Seitdem kann das Amt für Wohnungswesen Hinweisen auf die unerlaubte Nutzung als Ferienwohnungen nachgehen. Es kann Strafen erlassen und dafür sorgen, dass Wohnungen wieder dauerhaft vermietet werden. Soweit die Theorie.

Tatsächlich hat sich die sogenannte Wohnraumschutzsatzung weitgehend als zahnloser Tiger erwiesen. Das zumindest legt die Antwort der Verwaltung auf eine aktuelle Anfrage der SPD-Fraktion in der Bezirksvertretung Innenstadt nahe.

Gerade einmal hundert Fälle von Zweckentfremdung wurden nach Verwaltungsangaben seit Inkrafttreten der Wohnraumschutzsatzung im Jahr 2014 angezeigt – durch aufmerksame Bürger oder auch über die politischen Vertretungen in den Stadtbezirken. Und in nur 30 Fällen wurde die Verwaltung von sich aus aktiv, indem sie Anbieter stichprobenartig auswählte und überprüfte.

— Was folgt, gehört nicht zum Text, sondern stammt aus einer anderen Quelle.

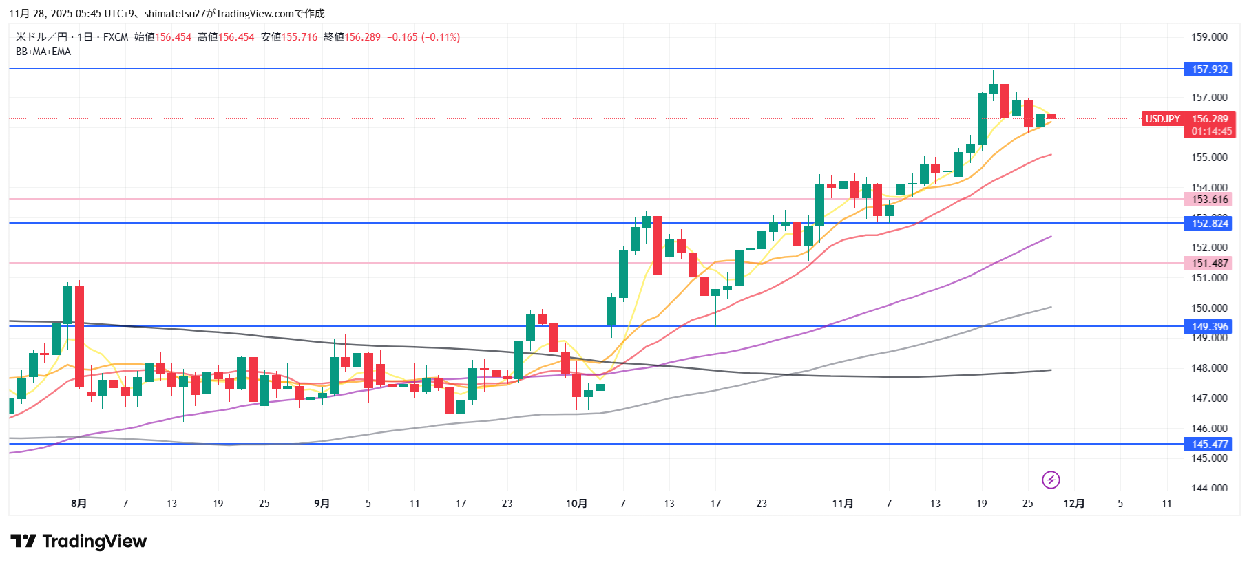 ドル円の日足チャート。11/28 6:00のレートは156.28。17日に実態が155円超えて,ドル高、クロス円全体が円安となっています。

Davon mussten 54 Fälle sofort wieder eingestellt werden, weil die Nutzung als Ferienwohnung bereits vor dem Stichtag 1. Juli 2014 begonnen hatte.

So wirkt das Verbot in Berlin

Dass die Kölner Satzung nicht rückwirkend gilt, erweist sich immer mehr als Hemmschuh für die konsequente Verfolgung von Zweckentfremdung: Altfälle genießen dadurch Bestandsschutz. In 20 Verfahren wurde die Nutzung beendet und die Wohnung wieder langfristig an Mieter zu Wohnzwecken vergeben. Lediglich gegen vier Eigentümer wurden wegen Zweckentfremdung Bußgelder von insgesamt 30.000 Euro verhängt. Doch auch die sind noch nicht rechtsgültig, weil die Eigentümer Widerspruch eingelegt haben.

Immer mehr Köln-Besucher wählen private Übernachtungsangebote.

Die Verwaltung selbst will eine Bewertung der Zahlen derzeit noch nicht vornehmen. Es sei vereinbart, nach zwei Jahren eine Evaluation vorzunehmen, hieß es auf Anfrage beim Wohnungsamt. Dies werde erst nach der Sommerpause geschehen. Ob die Stadt angesichts der überschaubaren Erfolge über eine Nachbesserung des Gesetzes – etwa in Form einer Verschärfung – nachdenkt, bleibt damit zunächst offen.

Wie diese aussehen könnte, lässt sich am Beispiel Berlin studieren, wo es zwischen 15.000 und 23.000 Ferienunterkünfte in Privatwohnungen gibt. Seit Mai 2014 gilt dort ein besonders rigoroses Zweckentfremdungsverbot, das kürzlich sogar nochmals verschärft wurde.

Ausnahmegenehmigungen wurden nach Angaben der Senatsverwaltung lediglich in rund 90 Fällen erteilt. Wohnungsvermittlungsportale müssen den Bezirksämtern auf Verlangen Auskunft über die Anbieter von Ferienwohnungen geben. Über ein Online-Formular können Bürger Verstöße melden. Die Höchstgrenze für Bußgelder liegt bei 100.000 Euro und damit doppelt so hoch wie in Köln.

Zusätzlich hat der Senat auch personell nachgerüstet. Zu den bestehenden 34 Stellen seien jüngst 30 weitere Stellen bereit gestellt worden. Auch hier zeigt sich ein entscheidender Unterschied zu Köln – hier kümmern sich lediglich sieben Mitarbeiter um das Thema. „Die haben aber auch noch andere Aufgaben“, bemängelt Michael Weisenstein von den Linken.

„Die Personalstärke ist entscheidend, um das Thema offensiv anzugehen“, so Weisenstein. „Für uns war die Einführung des Zweckentfremdungsverbotes trotzdem schon mal ein richtiger Schritt“, sagt Jürgen Becher vom Kölner Mieterverein. Seither habe sich die Zahl der Beschwerden von Nachbarn deutlich verringert.